Using 'expand' in snakemake target rule with constraints
1
0
Entering edit mode
7 days ago
cfos4698 ▴ 270

Dear all,

I'm working on a snakemake workflow where I need to use glob_wildcards (or something similar) to work on all samples in a directory.

SAMPLES = glob_wildcards(os.path.join(READSDIR,"{sample}_L001_R1_001.fastq.gz")).sample
wildcard_constraints:
sample="(?!Undet).*"

rule all:
input:
expand(os.path.join(RESULT_DIR, "fastp/{sample}/trimmed/{sample}_trimmed_R1.fq.gz"), sample = SAMPLES),
expand(os.path.join(RESULT_DIR, "fastp/{sample}/trimmed/{sample}_trimmed_R2.fq.gz"), sample = SAMPLES)


The input/output files for normal/work rules (sorry, don't know the proper name for them) populate correctly based on the {sample} wildcard. All rules finish as expected. However, I expect there to be some samples in the directory that I don't want.

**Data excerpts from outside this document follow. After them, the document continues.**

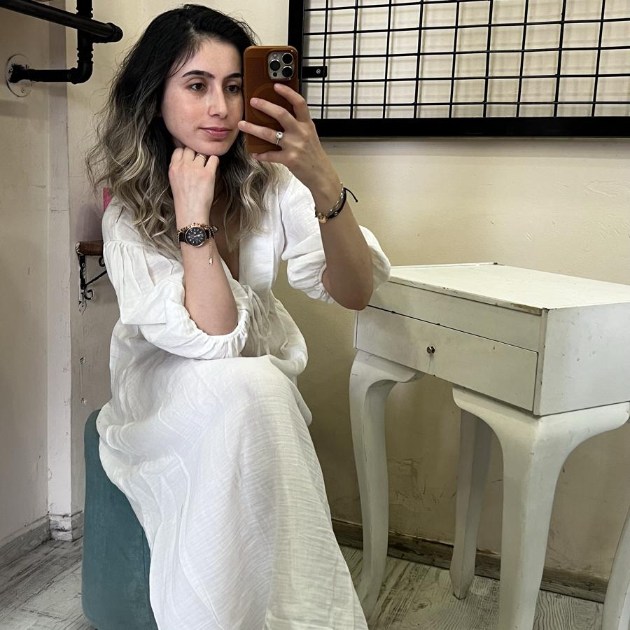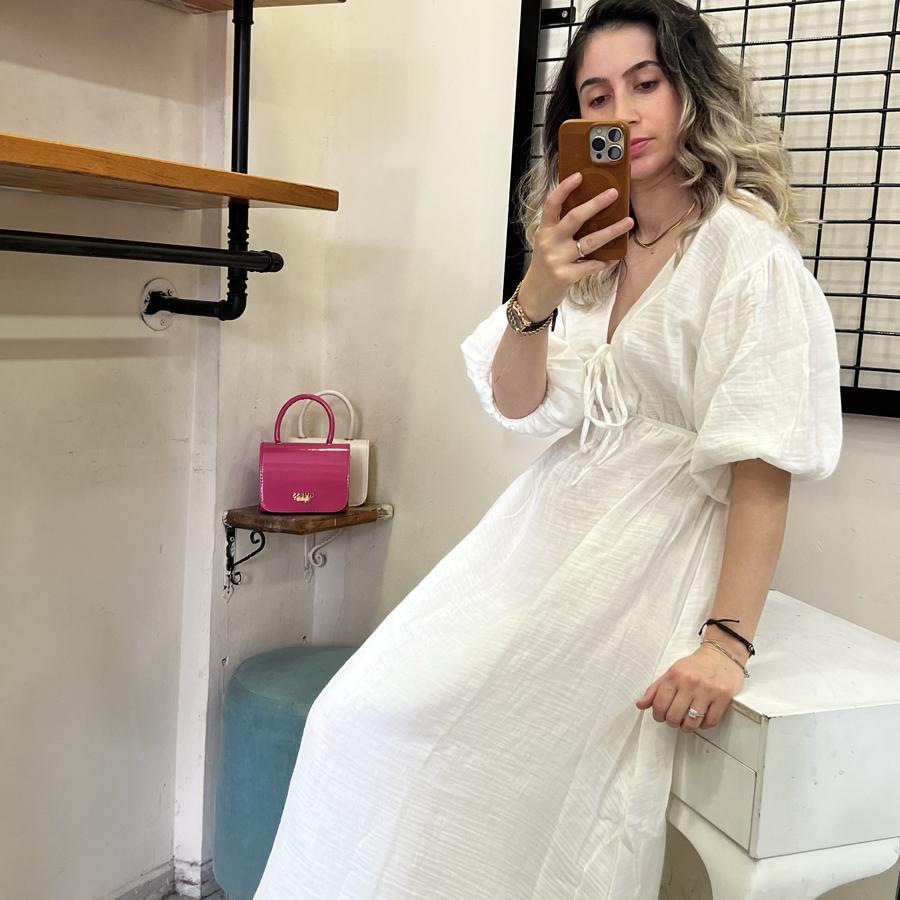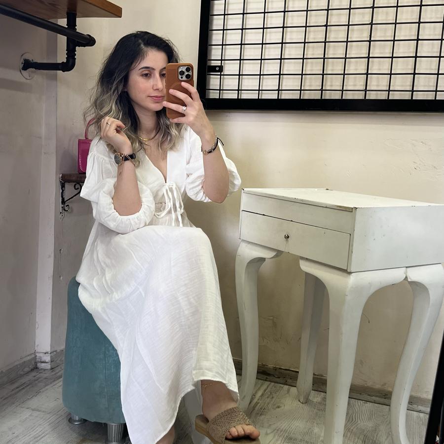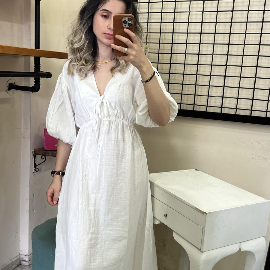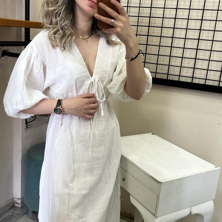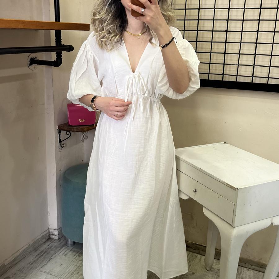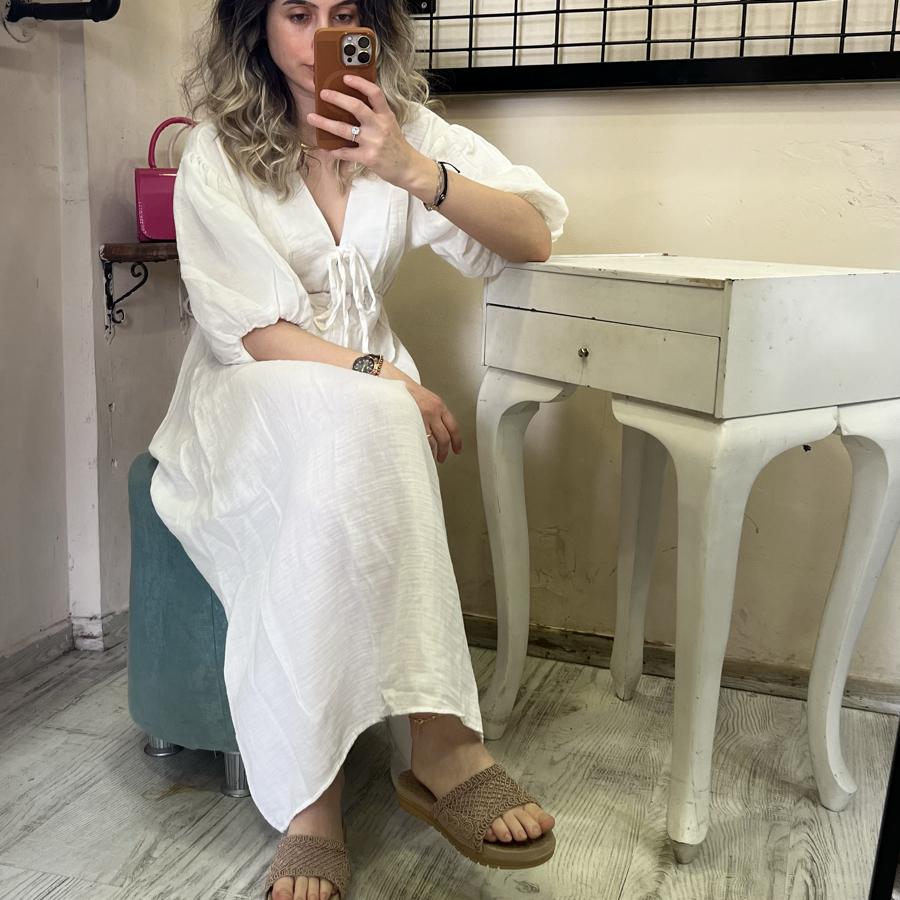 MÜSLİN KUMAŞ BEYAZ ELBİSE S/M/L BEDEN
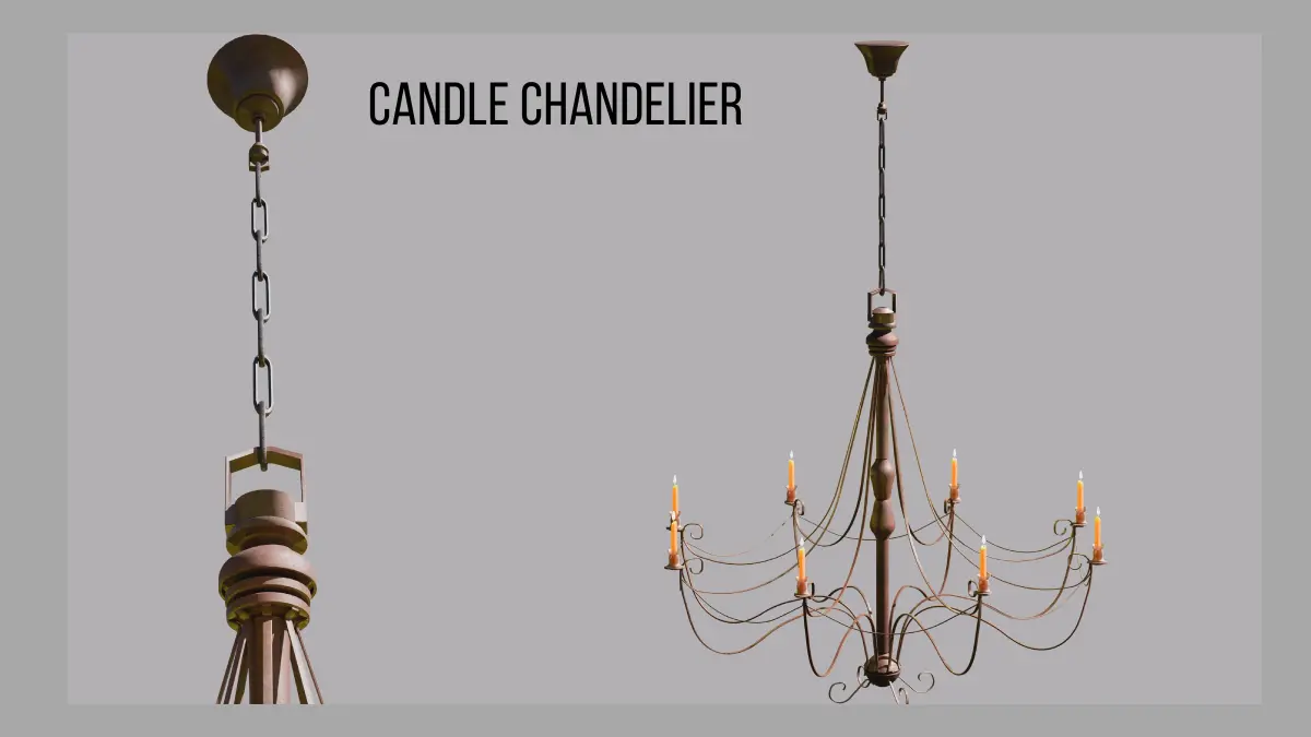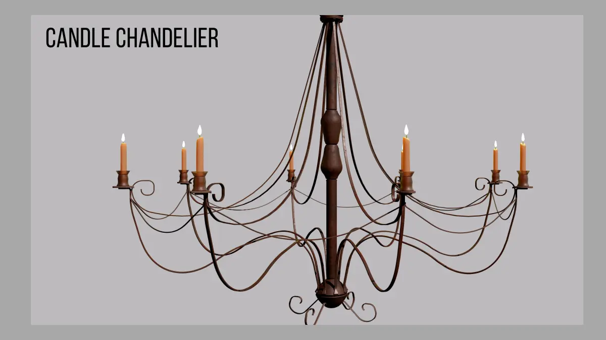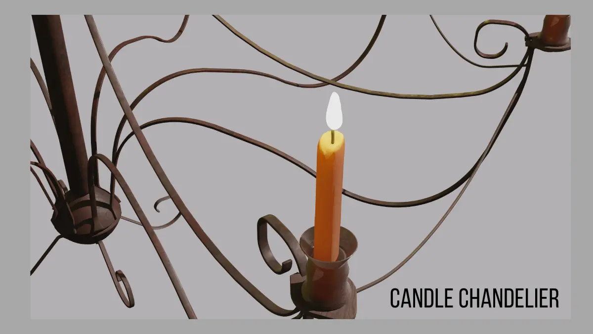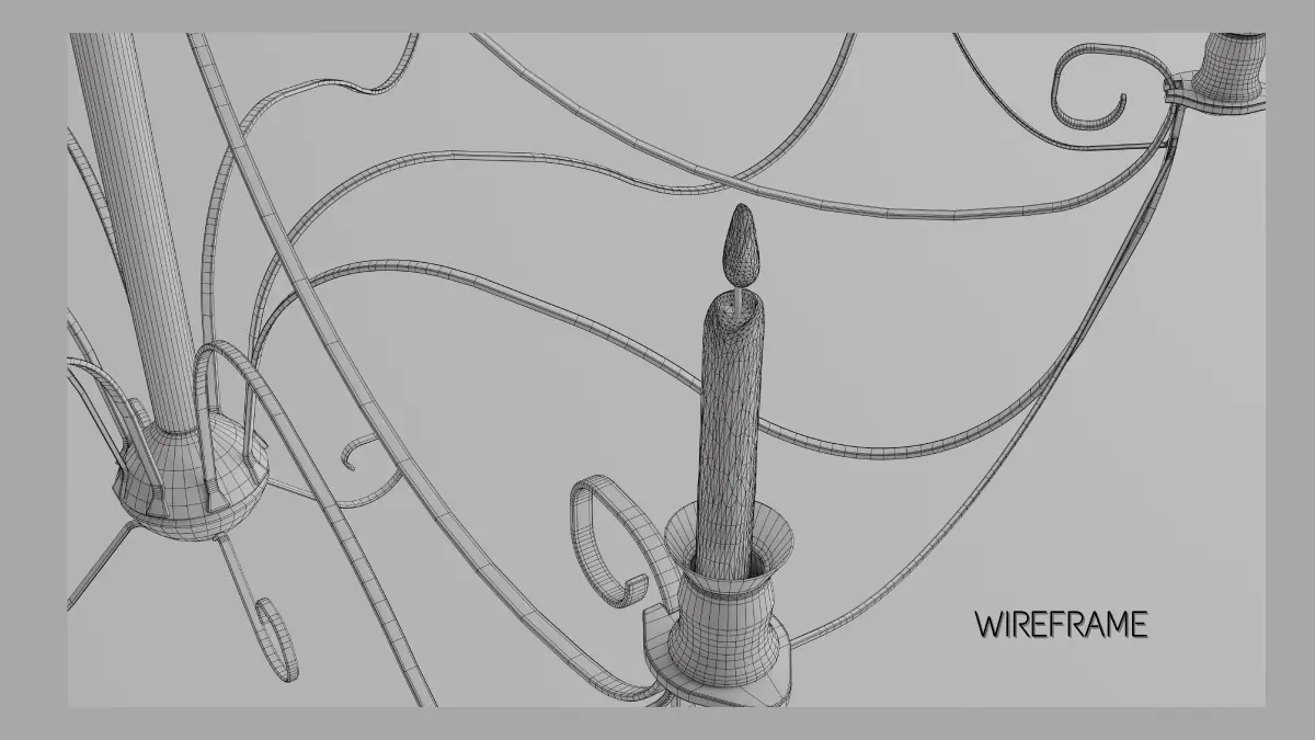 A medieval candle chandelier with an aged metal frame. This model is ideal for your compositions.Model without overlapping lines and revised mesh.The template mapped and ready to use. Compatible with Blender 2.90 or higher. Ready to use scene.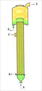这种蒸发器的特征是具有长的加热管(约为5~7M),但加热室和沸腾室之间的温度差也必须大,否则,蒸汽流的能量不足于输送液体和产生爬升的膜。 A:物料进口 B:冷凝水出口 C:蒸汽进口 D:浓缩液出口 E:二次蒸汽出口 降膜式蒸发器 在降膜蒸发器中,液体和蒸汽向下并流流动,需浓缩的液体预热至沸腾温度,均匀的液膜通过蒸发器顶上的液体分布装置进入加热管,在沸腾温度下向下流动并部分蒸发,往下运动引入的重力因并流的蒸汽流不断加强。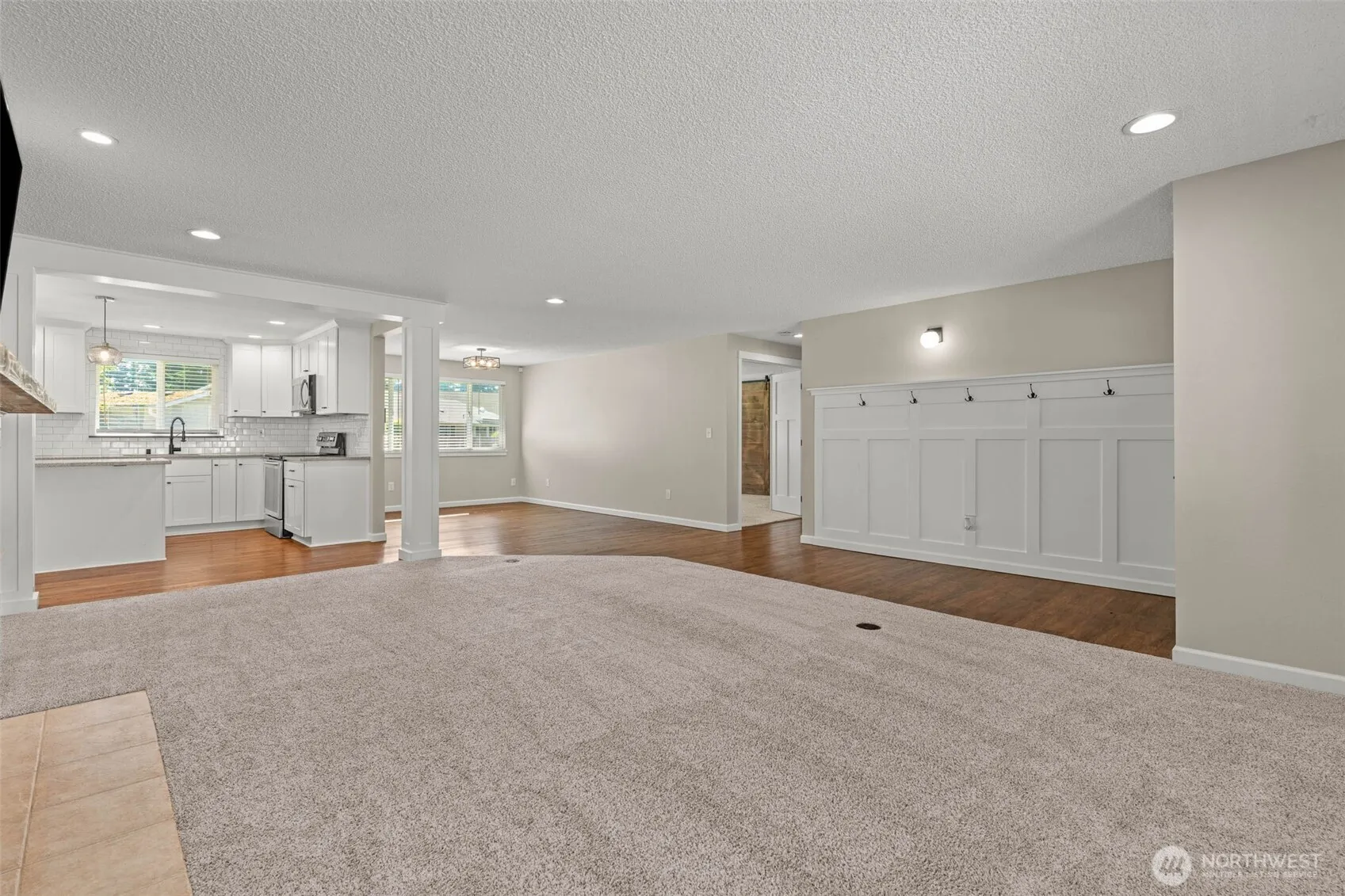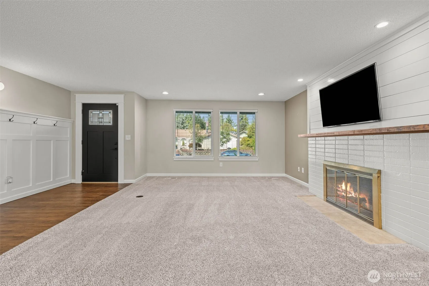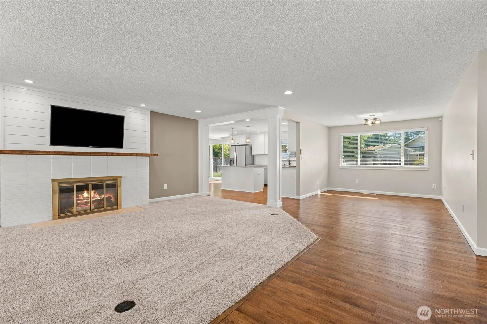 Must see! Beautifully updated rambler in the Oakbrook Golf Course community! This home showcases a stunning kitchen with quartz countertops, subway tile backsplash, stainless appliances, and a large island. Bright white cabinetry and millwork flow throughout, paired with stylish baths including a double vanity. Flexible floor plan with room to relax, work, and entertain, anchored by a cozy fireplace and tasteful updates. The level lot offers a fully fenced backyard with mature landscaping, sprinkler system, an elevated playhouse with slide and swings, plus a gazebo with slab and wiring ready for a hot tub. Ample parking includes a two-car garage and side space for a boat or trailer. Prime location near golf, parks, and Lakewood amenities!

I can get around this by adding a global wildcards constraint at the beginning like so:

SAMPLES = glob_wildcards(os.path.join(READSDIR,"{sample}_L001_R1_001.fastq.gz")).sample
wildcard_constraints:
sample="(?!Undet).*"


However, the issue then is a 'MissingInputException':

Missing input files for rule all:
results2/fastp/Undetermined_S0/trimmed/Undetermined_S0_trimmed_R1.fq.gz
results2/fastp/Undetermined_S0/trimmed/Undetermined_S0_trimmed_R2.fq.gz


How can I change the expand function for the target rule input so that it behaves in the same way as the wildcards_constraint (i.e., ignoring files beginning with 'Undet')?

Thanks!

snakemake glob_wildcards expand • 212 views
2
Entering edit mode
7 days ago
yztxwd ▴ 490
SAMPLES = glob_wildcards(os.path.join(READSDIR,"{sample, (?!Undet).*}_L001_R1_001.fastq.gz")).sample

0
Entering edit mode

Thanks, works a charm. I'd gone down the rabbit hole of:

expand(os.path.join(RESULT_DIR, "fastp/{sample}/trimmed/{sample}_trimmed_R1.fq.gz"), sample = [x for x in SAMPLES if 'Undet' not in x])


And it seemed to work, but I prefer the neatness of yours.